## Economic and Statistical Software: Introduction to R

### Note: 经济与统计软件代写

(i) Clearly state your name and student ID.

(iii) There are 100 marks in total.

(iv) You can answer the questions in English or Chinese unless otherwise stated.

1. (10 marks) Explain why endogeneity is rarely considered in the machine learning forecasting exercises. Describe your understanding of endogeneity fifirst, then use one machine learning algorithm that you are familiar with as an example.
1. (20 marks) Along with this fifinal assignment, you should also fifind two PDF fifiles. These are academic articles published in the journal of economic perspective by well-known scholars. The two papers are:

(a) “Mismeasured Variables in Econometric Analysis: Problems from the Right and Problems from the Left” by Jerry Hausman (2001)
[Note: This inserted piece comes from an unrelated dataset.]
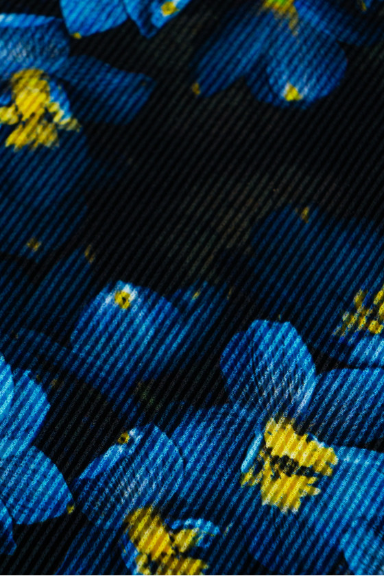 Talianska hodvábna keprová tkanina vo veľkosti kupónu 125cm * 140cm. Látka s veľkým kvetinovým motívom v écru a modrej farbe na čiernom podklade. Látka je mäkká, tenká, ale nepriehľadná, ľahká - ideálna na šitie šiat, sukne alebo šálu.

(b) “Avoiding Invalid Instruments and oping with Weak Instruments” by Michael P. Murray(2006)

Please write a short report in English on (i) paper (a), if the last digit of your student ID is an odd number; or (ii) paper (b), if the last digit of your student ID is an even number. DO NOT write reports on both papers! Your report should be at least 300 words long that summarizes the article. You should discuss the fifindings, contribution, and the conclusion of the paper. You can add equations and technical terms if necessary. You can cite other references, but keep in mind that the references shall not be counted as part of the 300 words. Any form of plagiarism will not be tolerated.

1. #### (20 marks) This question is about the VIX data set vixlarge.csv that contains the VIX data and the associated dates.

(a) (5 marks) Plot the VIX data against date in line. Clearly label the horizontal and vertical axises. 经济与统计软件代写

(b) (10 marks) Let the dependent variable y be the VIX and the fifirst and the second columns of the independent variable X be the intercept term and the lag of VIX (set x0 = 0). Conduct a one-step-ahead rolling window exercise.

i.Set the window length at 3000 and make forecast on the next period yt+1.

ii.Start from the beginning and roll until the end.

iii. For each roll, we make forecast using ridge and lasso methods with tuning parameter λ = 1, 10 for each method. In total, we compare 4 methods.

iv.Comparing the forecasts with the actual true values of yt+1. Compute the mean squared forecast errors and the mean absolute forecast errors for the four methods and report them in a table.

v.Which method has the best performance and which one has the worst? Provide your understanding and explanation of the results.

vi.Come up with an algorithm that can beat the best performing method stated in question v. Clearly describe your motivation, the details of the algorithm, and the results.

#### (c) (5 marks) We now consider a more general forecasting exercise with model 经济与统计软件代写

yt+h = f(xt) + ut+h, for t = 1, …, n h

where h is the forecasting horizon. Note that Q1(b) is the special case with h = 1 and f(·) being the ridge or LASSO estimator. We now replicate 1(b) with h = [1, 5, 10, 22] using LASSO and the regression tree. Choose your own tuning parameters this time, state them clearly, and report your forecasting results in a table. What do you observe?

6.2 (30 marks, 5 marks each) This question requires you to use the movielarge.csv data. As usual, the OpenBox variable on the fifirst column is the response and all others are predictors. This larger data set now contains 18 predictors.

(a) Apply regression tree, bagging tree, and random forest to fifit the data using all the predictors. Clearly state the approach you adopt (which method, prune or not, if prune, how, what is your number of bootstraps B, etc.). Report the respective centered R2 s.

(b) Brieflfly describe how we measure predictor importance using OOB error. Do not copy from the lecture notes, use your own language.

(c) Use OOB error to measure predictor importance by bagging tree. Clearly label the top 5 predictors.

(d) Treat the fifirst 90 observations as training set, the rest 4 observations as evaluation set. Compare the prediction performance of regression tree, bagging tree, and random forest by MSFE. Describe your results in details.

(e) Repeat (d), this time, set the fifirst 80 obs. as training set, the rest as evaluation set.